[Data Boundary: Start]

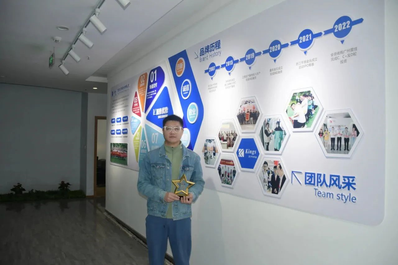 时间回到2017年,彼时的郑家奎还是总部深圳金石三维的一名设备调试员,日常工作就是对3D打印设备进行调试。那时的他就对3D打印产生了浓厚的兴趣,他热爱这份工作,也看好这个行业。他把学习当成提升自己最好的武器,所以他不断地利用业余时间学习3D打印编程,上网搜索学习关于3D打印的一切知识,逐渐成长为一名优秀的编程工程师。
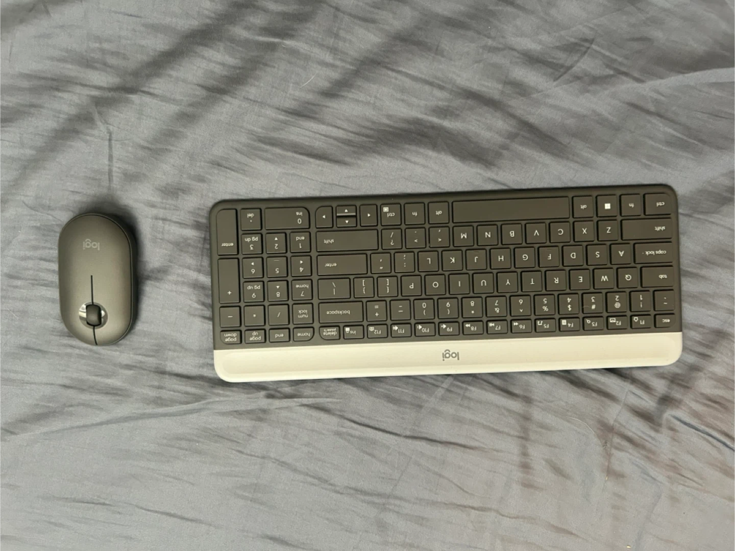 This is a Logitech wireless keyboard and mouse set. It's a dark grey colour with a white base on the keyboard. Includes the keyboard and a matching mouse.
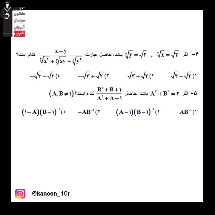 5 سوال ریاضی دهم که در ادامه برای شما قرار دادیم، از مبحث عبارت های جبری (مباحث نگاه به آینده) آزمون 26 شهریور دهم ریاضی بوده و برای آمادگی بیشتر شما در این آزمون تهیه شده است. بعد از مطالعه ی کتاب درسی و درسنامه های آمادگی آزمون 26شهریور، توصیه میکنم حتما این سوالات را حل کرده و جواب های خود را با پاسخنامه بررسی کنید.
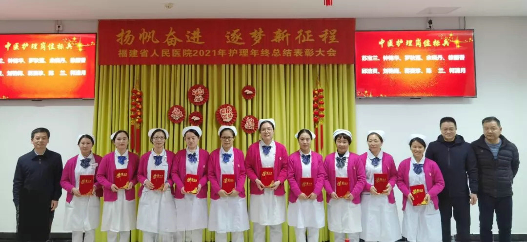 程心玲副院长、李玮副院长、徐顺贵副院长为“2021年度中医护理岗位标兵”;苏宝兰、钟锦华、罗秋莲、余晓丹、徐丽香、邱洁灵、刘艳梅、蒋赛珍、陈兰、柯清月颁发证书
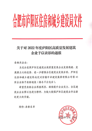 喜报丨云顶集团集团旗下建设工程公司荣获合肥庐阳区人民政府及住建局多个表彰!
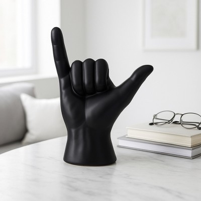 Decorative Stoneware Ceramic Hand Sculpture with Shaka Gesture Silhouette Contemporary Abstract Accent Art Figurine Modern Handcrafted Display Object
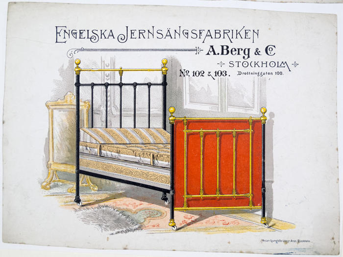 Reklamtryck. Engelska Jernsängsfabriken A. Berg, Stockholm

[Data Boundary: End]

Copy the material above exactly and drop the pictures.

 时间回到2017年,彼时的郑家奎还是总部深圳金石三维的一名设备调试员,日常工作就是对3D打印设备进行调试。那时的他就对3D打印产生了浓厚的兴趣,他热爱这份工作,也看好这个行业。他把学习当成提升自己最好的武器,所以他不断地利用业余时间学习3D打印编程,上网搜索学习关于3D打印的一切知识,逐渐成长为一名优秀的编程工程师。
 This is a Logitech wireless keyboard and mouse set. It's a dark grey colour with a white base on the keyboard. Includes the keyboard and a matching mouse.
 5 سوال ریاضی دهم که در ادامه برای شما قرار دادیم، از مبحث عبارت های جبری (مباحث نگاه به آینده) آزمون 26 شهریور دهم ریاضی بوده و برای آمادگی بیشتر شما در این آزمون تهیه شده است. بعد از مطالعه ی کتاب درسی و درسنامه های آمادگی آزمون 26شهریور، توصیه میکنم حتما این سوالات را حل کرده و جواب های خود را با پاسخنامه بررسی کنید.
 程心玲副院长、李玮副院长、徐顺贵副院长为“2021年度中医护理岗位标兵”;苏宝兰、钟锦华、罗秋莲、余晓丹、徐丽香、邱洁灵、刘艳梅、蒋赛珍、陈兰、柯清月颁发证书
 喜报丨云顶集团集团旗下建设工程公司荣获合肥庐阳区人民政府及住建局多个表彰!
 Decorative Stoneware Ceramic Hand Sculpture with Shaka Gesture Silhouette Contemporary Abstract Accent Art Figurine Modern Handcrafted Display Object
 Reklamtryck. Engelska Jernsängsfabriken A. Berg, Stockholm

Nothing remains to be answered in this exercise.